Steady-state crystallization of Rydberg excitations in an optically driven lattice gas

TL;DR

This paper investigates how resonant optical driving induces steady-state Rydberg excitation patterns in a one-dimensional lattice, revealing conditions for crystalline order and analyzing the dynamics with advanced simulations and models.

Contribution

It demonstrates that three-level excitation schemes can produce finite-range Rydberg crystalline order, expanding understanding of driven dissipative many-body systems.

Findings

Two-level atoms show only nearest neighbor correlations.

Three-level atoms can develop finite-range crystalline order.

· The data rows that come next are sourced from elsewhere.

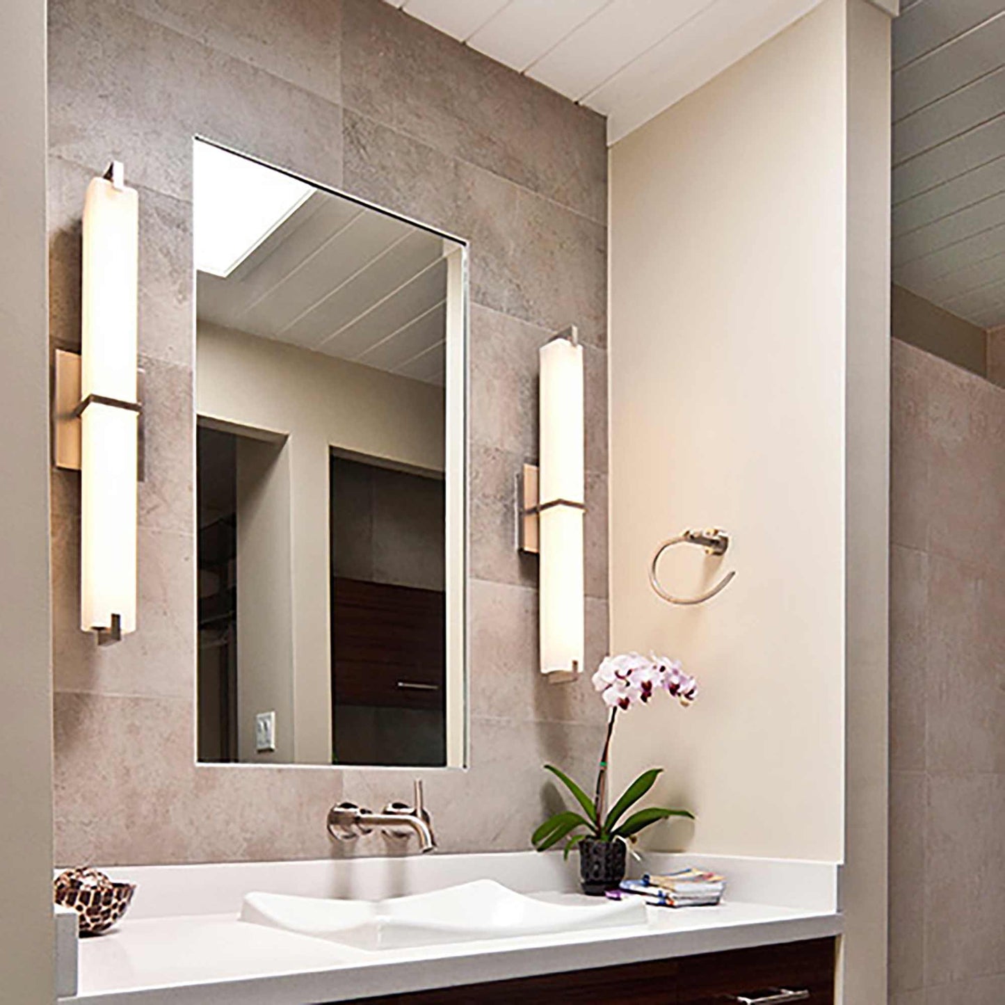 The Metro LED Bath Vanity Light from Visual Comfort Modern is sophisticated and modern in design due to its multi-layer white or white acrylic shade and three on-trend hardware finishes. The Metro bath light can be mounted horizontally above a mirror or mounted vertically flanking a mirror as a wall sconce. Two length options allow this bath light to be adapted to powder room lighting as well as master bathroom lighting. Both size fixtures are fully dimmable with your choice of either incandescent or integrated LED lamping to create the desired ambiance in your unique space.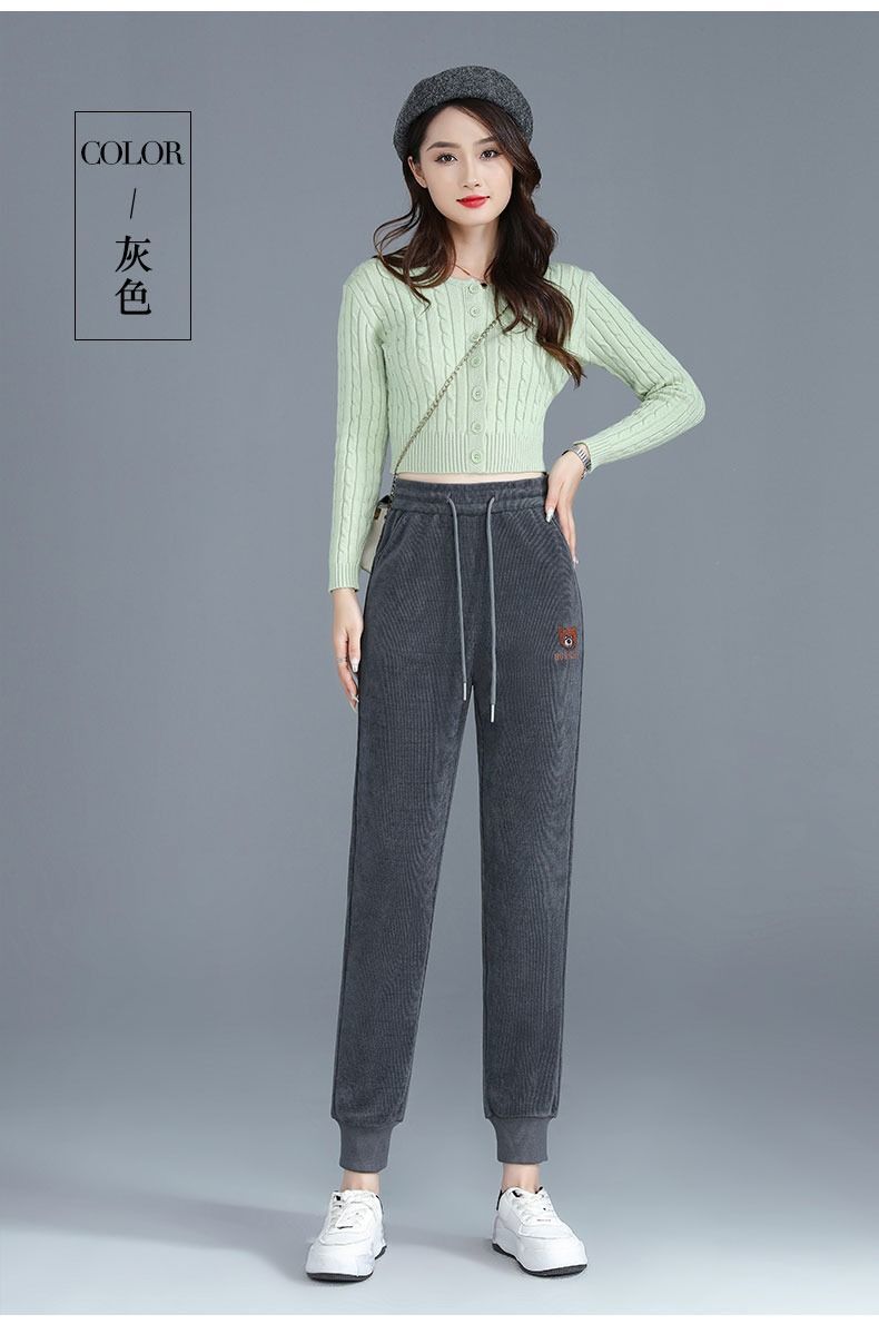 Compre Calça engrossada forrada de lã Calças femininas outono e inverno Nova calça harém cintura alta bordada calça toda empatada no tornozelo calça folgada emagrecedora calça casual no atacado no Joom.pro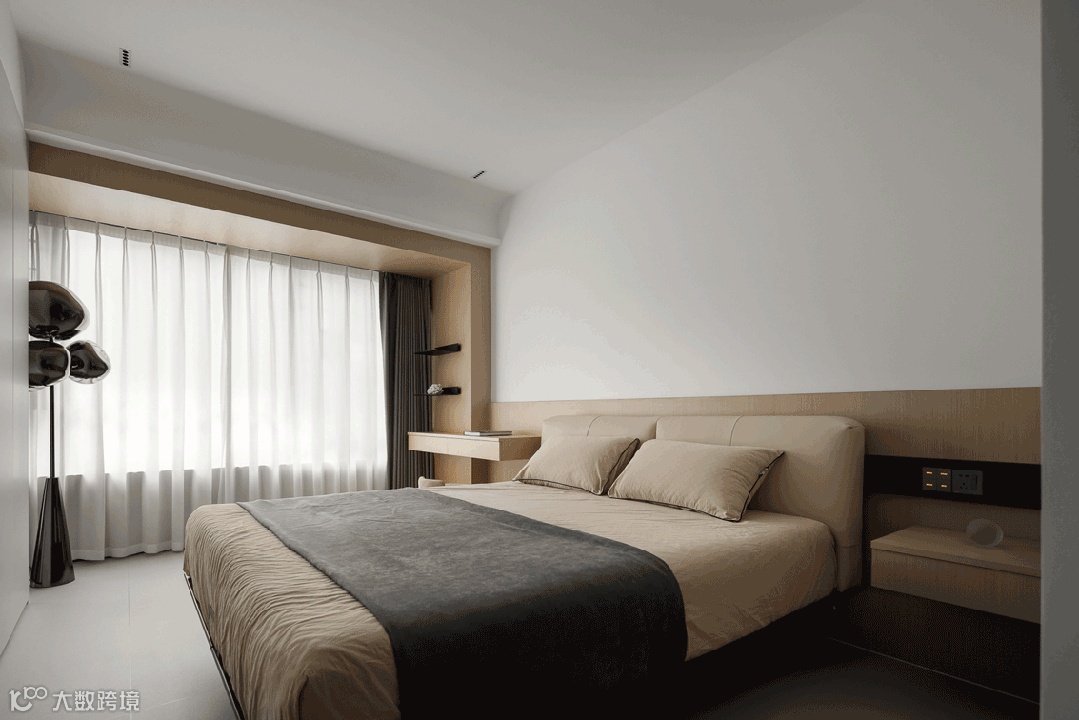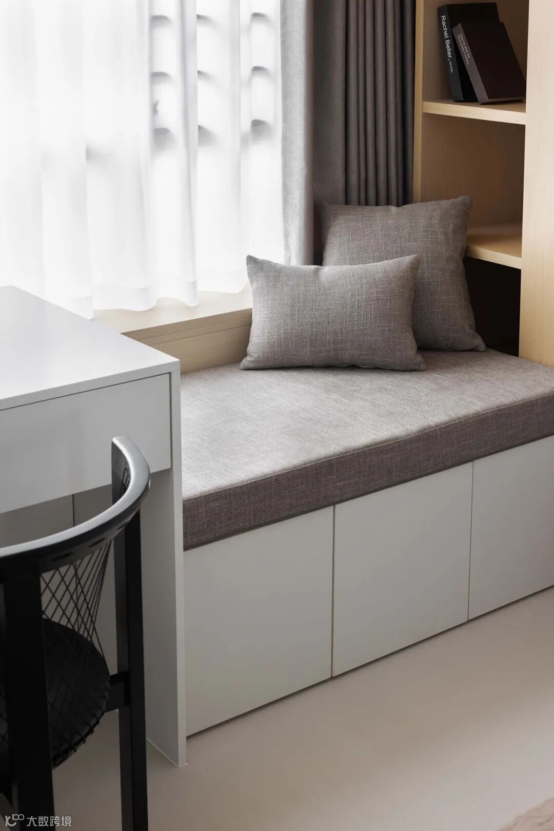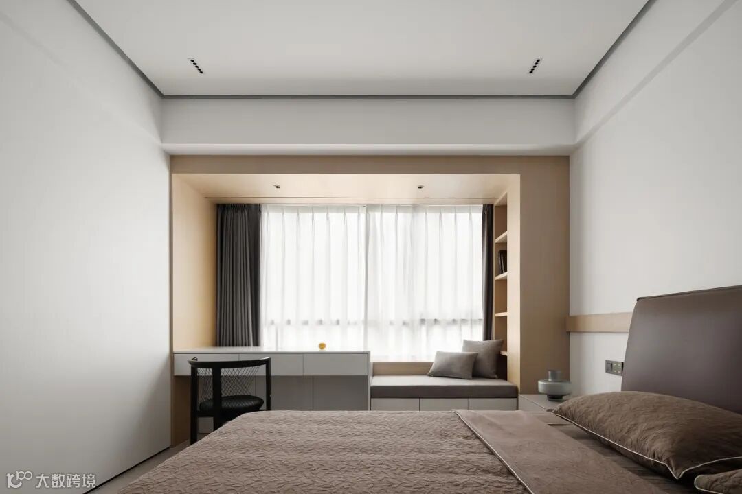 原木材质构成新景,以错落的结构过渡着书桌、飘窗、收纳空间,激发了空间的可能性,在审美与功能、简约与精致之间达到平衡。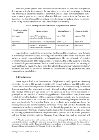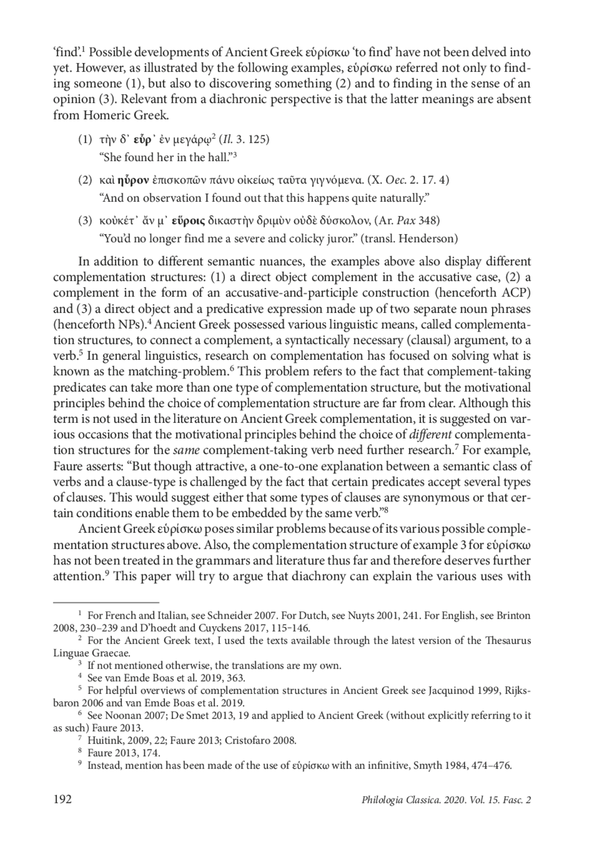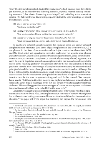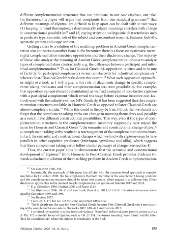 This paper traces the semantic and constructional development of the complement-taking verb εὑρίσκω ‘find’ from Homeric Greek to Post-Classical Greek. First, the paper details the semantic development of εὑρίσκω using characteristics such as predicate type, semantic role of the subject and factivity. Subsequently, explanations are offered for the constructional development of εὑρίσκω, using insights from grammaticalization research such as reanalysis and analogy. In contrast to previous studies on Ancient Greek complementation which support the idea of a systematic Classical Greek opposition of factive participial versus non-factive infinitival complementation, this paper shows how bridging contexts of mental judgment εὑρίσκω with a participial complement do not follow this opposition as they are non-factive and changed their meaning (with reanalysis) before changing their complementation structure (through analogy). Also, by extending our view to the individual history of other cognitive predicates (ἐπίσταμαι, γιγνώσκω and οἶδα) the author shows that other cognitive predicates undergo similar developments from factive+object to factive+ACP to non-factive+ACI, although their individual histories are still in need of a systematic diachronic account. Thus, complementation patterns per period could be analysed in a more fine-grained way by analysing complementation patterns bottom-up from the semantic and constructional evolutions of individual predicates. Also, the findings from this paper provide evidence towards a diachronic solution of the so-called matching-problem: diachronically related semantic and constructional stages strongly motivate the choice of a specific complementation structure but absolute factivity oppositions in Classical Greek complementation are rather strong tendencies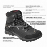 Wytrzymałe trzewiki odpowiednie do zajęć na świeżym powietrzu przez cały rok. Obuwie posiada wodoodporną membranę REGI-TEX, która chroni stopy przed wilgocią. W tylnej części wzmocnienie z TPU, przód buta posiada dodatkową gumową osłonę.  Obuwie certyfikowane zgodnie z normą EN ISO 20347:2012 O2 SRA WR.

Analytic rate equation model qualitatively matches numerical results.

Abstract

We study resonant optical excitations of atoms in a one-dimensional lattice to the Rydberg states interacting via the van der Waals potential which suppresses simultaneous excitation of neighboring atoms. Considering two- and three-level excitation schemes, we analyze the dynamics and stationary state of the continuously-driven, dissipative many-body system employing time-dependent density-matrix renormalization group (t-DMRG) simulations. We show that two-level atoms can exhibit only nearest neighbor correlations, while three-level atoms under dark-state resonant driving can develop finite-range crystalline order of Rydberg excitations. We present an approximate rate equation model whose analytic solution yields qualitative understanding of the numerical results.